* **DESCRIPTION OF THE TASK**: Beginning with the line that holds "John Fogarty, Co-Chief" and finishing with the line that holds "peak across samples", repeat the listing exactly, leaving every picture out.

* **TASK DATA**:
-------

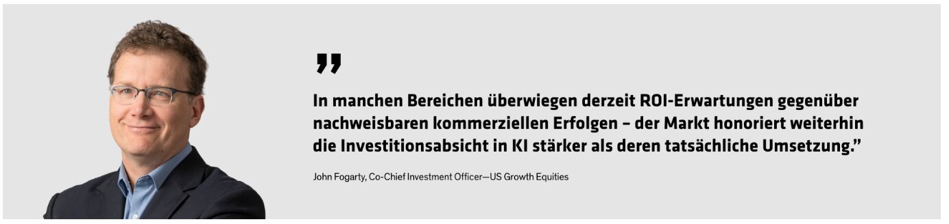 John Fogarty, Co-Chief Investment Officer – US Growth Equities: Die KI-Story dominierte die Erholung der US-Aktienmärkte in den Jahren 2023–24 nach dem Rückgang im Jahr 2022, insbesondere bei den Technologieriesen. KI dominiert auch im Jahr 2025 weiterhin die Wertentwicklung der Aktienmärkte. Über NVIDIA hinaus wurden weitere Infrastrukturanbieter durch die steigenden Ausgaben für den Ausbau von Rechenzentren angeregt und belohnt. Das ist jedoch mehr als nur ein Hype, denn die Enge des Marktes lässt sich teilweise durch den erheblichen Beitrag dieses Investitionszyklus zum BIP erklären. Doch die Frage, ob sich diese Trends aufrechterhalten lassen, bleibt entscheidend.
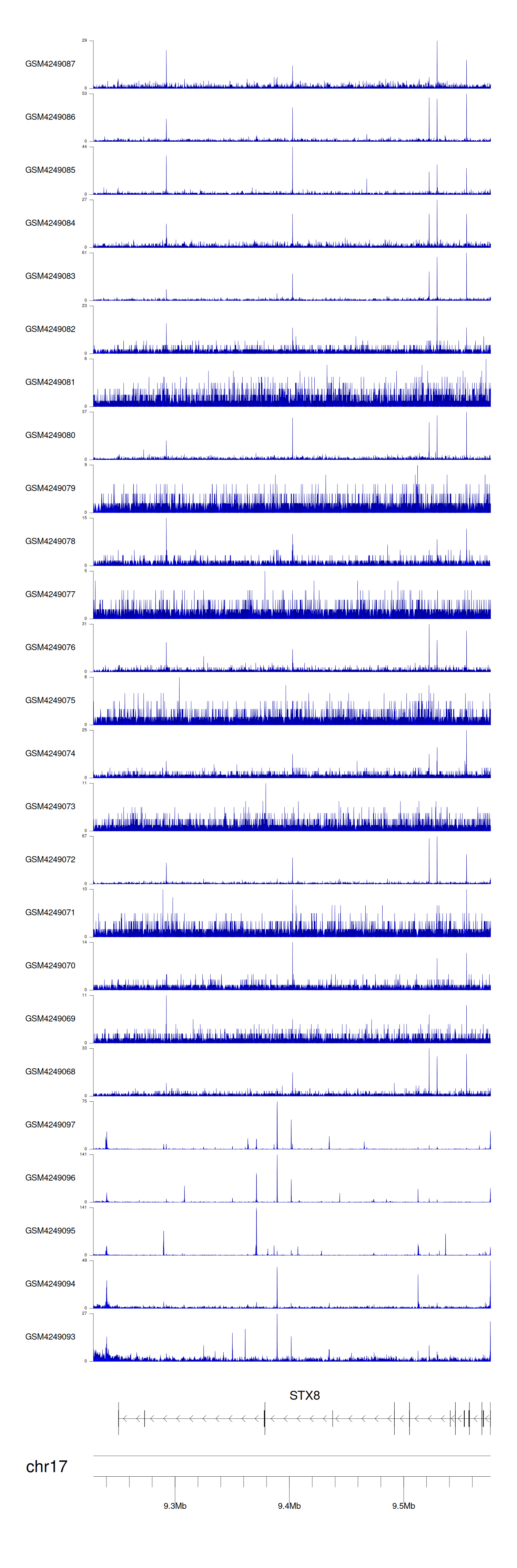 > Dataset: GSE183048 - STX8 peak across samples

-------

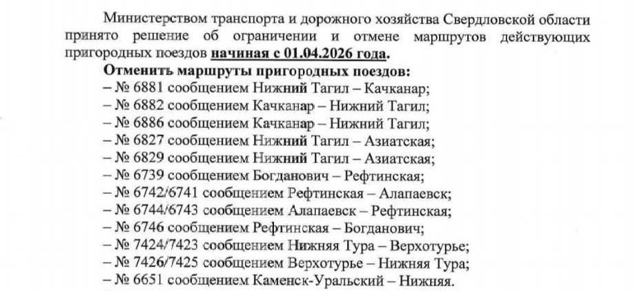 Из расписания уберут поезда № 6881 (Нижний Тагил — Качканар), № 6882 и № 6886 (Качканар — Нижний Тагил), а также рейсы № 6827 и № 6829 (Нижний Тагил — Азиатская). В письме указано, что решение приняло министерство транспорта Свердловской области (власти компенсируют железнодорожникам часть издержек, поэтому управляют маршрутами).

-------

* **EXPECTED ANSWER**:
 John Fogarty, Co-Chief Investment Officer – US Growth Equities: Die KI-Story dominierte die Erholung der US-Aktienmärkte in den Jahren 2023–24 nach dem Rückgang im Jahr 2022, insbesondere bei den Technologieriesen. KI dominiert auch im Jahr 2025 weiterhin die Wertentwicklung der Aktienmärkte. Über NVIDIA hinaus wurden weitere Infrastrukturanbieter durch die steigenden Ausgaben für den Ausbau von Rechenzentren angeregt und belohnt. Das ist jedoch mehr als nur ein Hype, denn die Enge des Marktes lässt sich teilweise durch den erheblichen Beitrag dieses Investitionszyklus zum BIP erklären. Doch die Frage, ob sich diese Trends aufrechterhalten lassen, bleibt entscheidend.
 > Dataset: GSE183048 - STX8 peak across samples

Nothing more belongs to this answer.